Further appetizers and a couple more pitchers of vino later, the first entree arrived, a T-bone steak the size of home plate and every bit as thick. To say it was huge is understatement. It weighed more than some pets I’ve had. The beef had obviously been cooked over an incredibly hot fire because its juices flooded the plate at the first cut. Our Culinary Institute meat-lover judged it one of the best pieces of beef he’d had in ages — until he tasted what I’d ordered. My cut was a loin steak, dinner plate-sized and covered with a thick carpet of truffles. It was beyond good. In fact my New York tablemates let me know that my moaning sounds were attracting attention. Apparently Slovenians are unaccustomed to Southerners expressing their appreciation for the thrill of the grill.

While my steak was, by consensus, the evening’s piece de resistance, the red snapper that made an appearance at our table was definitely the most dramatic of entrees. Split and flattened with the head still attached, it was food that looks back at you. Judging from the bass I’ve caught, I’d guess it weighed in at something like 8 pounds (Not that I’ve had a lot of experience catching 8-pound bass). One of the classically-trained chefs eloquently observed, in the argot of her trade, “Man, it’s really got a butt-load of salt on it, not that I’m complaining.” Far from it, we all disassembled the snapper like trained ichthyologists and ate it every morsel with absolute abandon.

No, there wasn’t any wild boar on the menu that night, nor goat, nor lamb. Appetizers, entrees, wine and vegetables (grilled, of course) are based strictlyh on seasonal availability. And that was fine with me. Good fresh seafood, expertly prepared, is about as good as it gets, especially if it’s followed by fresh blueberry strudel and a tray of flavored grappa, one of them made from freshly picked blackberries. In my view, barbecue is a universal that spans language and ethnic origin. Some of you might argue that I’m off-topic and what I ate in Slovenia has got nothing to do with barbecue, but when coals, craft and first-rate ingredients come together using traditional grilling methods, if it ain’t strictly cue, I don’t care.

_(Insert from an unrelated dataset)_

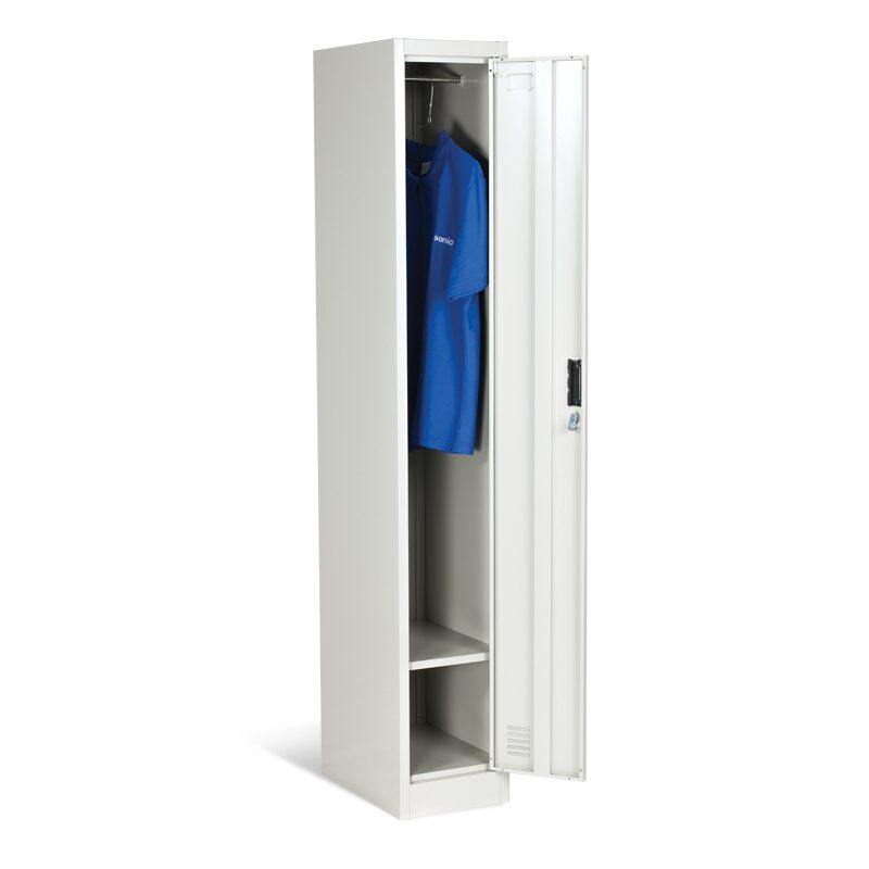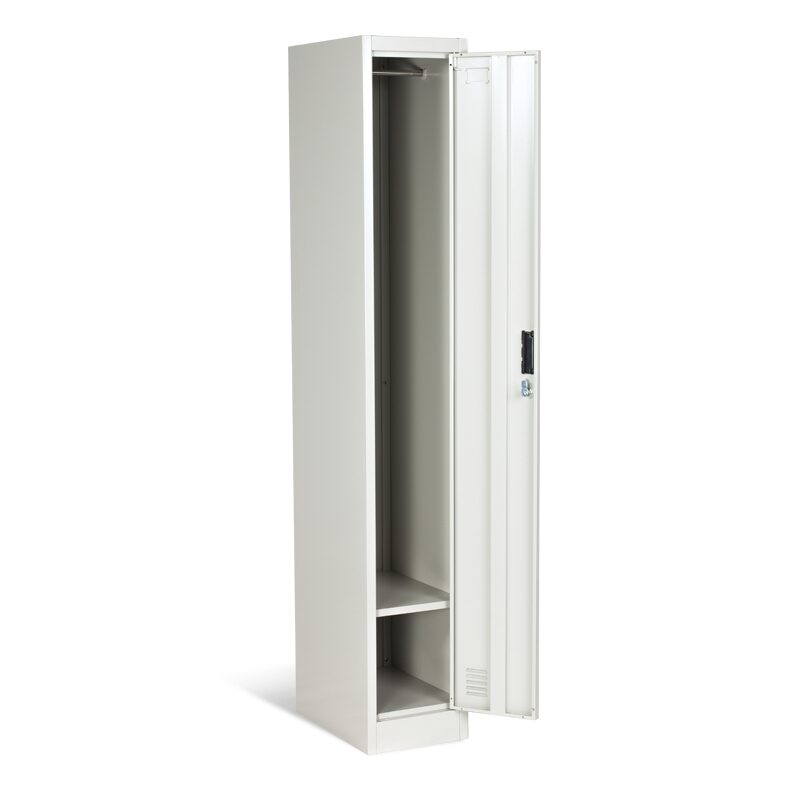Металният шкаф за съблекалня CR-1242-1 ЕL предлага сигурност и организация с едно заключващо се отделение, рафт и лост за закачалки. Изработен от висококачествен праховобоядисан метал, този шкаф е част от нашата гама метални мебели, включваща офис контейнери и шкафове за документи. Разгледайте пълните размери и характеристики в секцията “Допълнителна информация”.

So long as you save me a place at the table.

Got Gas?

June 27, 2008

Carl Rothrock, my friend from Greenville, N.C., was telling the Road Hog about how good the barbecue was at Boss Hogs (Boss Hog’s Backyard Barbecue 1534 E. 14th St. Greenville 252-758-8880; ) “They cook on charcoal. And The Skylite Inn (Route 3, Ayden, 252-746-4113) and Bum’s (115 E. Third Street, 919-746-6880) cook on wood, but everyone else down east has gone to gas or electric,” he said.

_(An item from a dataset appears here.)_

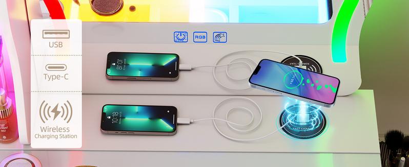 [HD Mirror: Clear, crisp reflection for your daily grooming needs., 7-Drawer Chest: Offers ample space for keeping essentials tidy., 7-Color RGB Lights: Customize lighting to suit your mood., Wireless Charging: Stay connected without wires., Adjustable Brightness: Fine-tune the light intensity effortlessly.]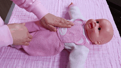 动作1:小宝宝平躺,用手指或手掌以宝宝肚脐为中心,顺时针按摩宝宝的小肚子,注意力度,不要压迫到胃部,以免引起吐奶。按摩时间1-5分钟。

I wrote back to him “I’m finding as much gas-fired cue as you are. My favorite place in Lexington went over to gas. But I’ve recently made an interesting discovery: Gas- and electric-cook cue can approximate decent barbecue. Check out BBQ & Ribs. Co. in Graham (501 S Main St Graham, N.C.; 336-223-9880) though their ribs are better than their cue. And people swear by the pulled pork from Kingstree, South Carolina, which has a peppery vinegar-based sauce. They’ll also swear that it’s cooked over coals, but poke around the perimeter and you’ll find a natural gas tank, and owners will tell you truth when asked directly. I was flabbergasted a few years ago to find that one of my favorite places in Greensboro cooks over gas: Country Barbecue Country Barbecue (4012 West Wendover Ave., Greensboro, N.C.; 336-292-3557). Their trick, I was told when I called the restaurant, is to use lots of hickory chips and to cook the pork low and slow over some sort of artificial coals, so that the fat hits the fire. What I wonder is with the price of natural gas climbing if people won’t go back to good old fashioned hickory logs.”

Know where they’re “cooking on gas” and the cue is good? Or is the idea of any cue not cooked over coals an abomination?